Aujourd'hui, j'ai construit des cubes en carton, pour illustrer une idée de jeu qu'on va surement sortir sur iPhone d'ici à la fin de l'année. Le titre du jeu : INTO THE CUBE :

Dans le cube ... en carton.

Vous allez comprendre ...

De retour, pour un petit concept tout simple en image. Des précisions à venir, une fois le game-design un peu plus avancé. En l'état, l'idée est là, simple et efficace. Le tout sur fond de musique techno et comme d'habitude avec les jeux crées chez Imagi-Co, une histoire originale pour se laisser porter par un scénario d'anticipation qui vous surprendra ...

Quelque images en attendant :

Prototype title screen

Prototype in game screen

The best is yet to come.

See you soon consummers cowboys.

jeudi 7 mai 2009

Remaniements - Changement de titre et d'histoire - Moon Lander devient LUNAR EXPLORER !

Voilà qu'un de nos projets de jeu se refait une beauté et entame le sprint vers la fin de la phase d'écriture. Après c'est le grand saut, "Un grand pas (pour Imagi-Co) mais un petit pas dans le monde du jeu vidéo".

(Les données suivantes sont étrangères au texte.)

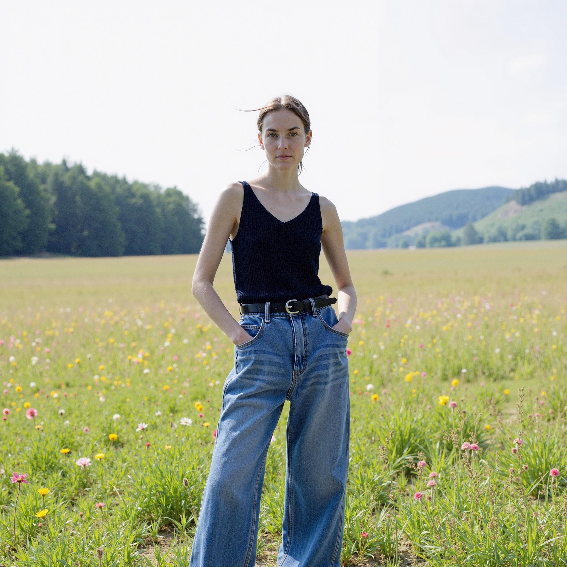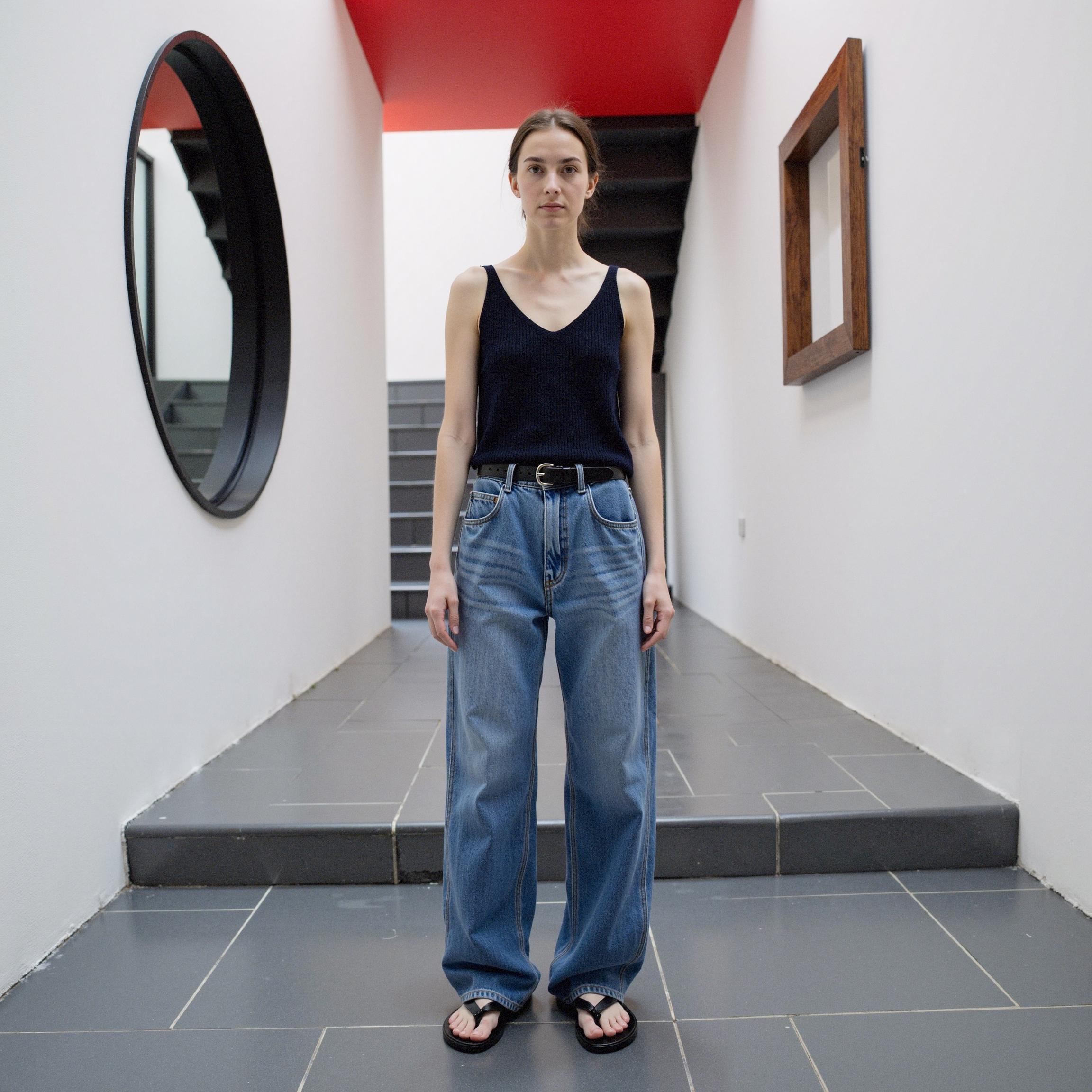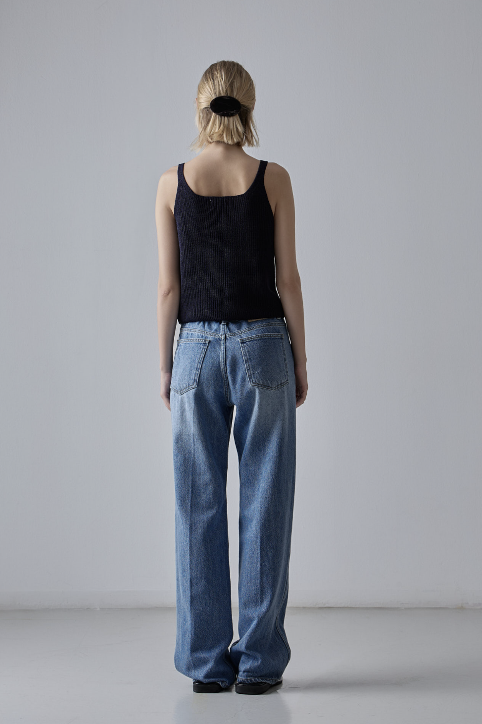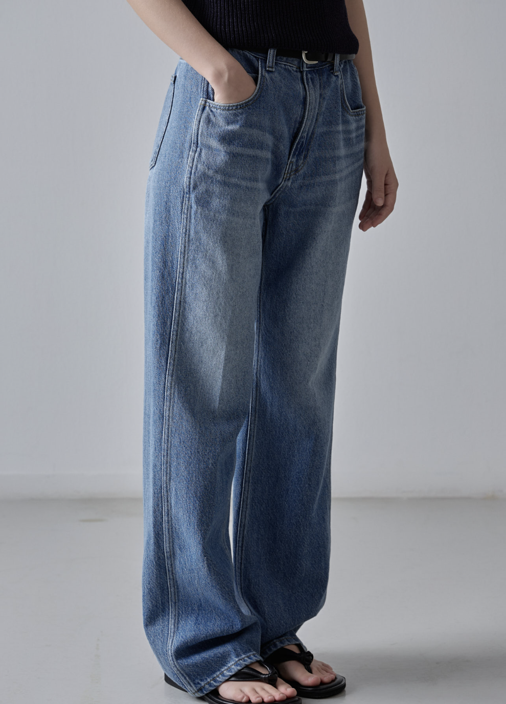 기존 제품 이미지들을 살펴보면, 브랜드 특유의 여유로운 무드와 클린한 감성이 잘 담겨 있었습니다. 전체적으로 밝고 정갈한 조명 아래에서 제품 디테일이 명확히 드러나는 구도였고, 베이직한 배경 덕분에 데님의 실루엣이 부각되며 착용자의 분위기도 담백하게 표현되었습니다.

Du coup, notre héros, reste officieusement nommé Paul Carrent dans les documents de travail mais son nom devient officiellement Alan Yeager, mélange (peu) subtil des noms Chuck Yeager et d'Alan Shepard. Deux des héros de la conquête de l'espace américaine.

Pour préciser, les premières recherches pour le character design d'Alan Yeager ressemblent beaucoup aux combinaisons spatiales américaines dans les années 60.

Le héros des "Ailes d'Honéamise" - un très beau D.A. qui raconte la guerre entre deux peuples fictifs, sur fond de conquête spatiale sur une planète qui ressemble à la terre des années 30.


Bud, l'un des héros du film de S.F. de James Cameron, ABYSS. Coincidence puisque Ed Harris, joue le rôle de John Glenn (alors que Scott Glenn joue le rôle d'Alan Sheppard) dans le film "l'étoffe des Héros" qui raconte les débuts de la conquête spatiale américaine.

Le dessin final du héros du jeu, aura des traits très proches de ceux d'Alan Shepard, qui illustre très bien, l'idée que je me faisais du personnage. Un côté vieux briscard, avec un petit côté rigolard et pétillant dans les yeux. Le genre de gars qui ne perd jamais espoir même face aux obstacles les plus infranchissables.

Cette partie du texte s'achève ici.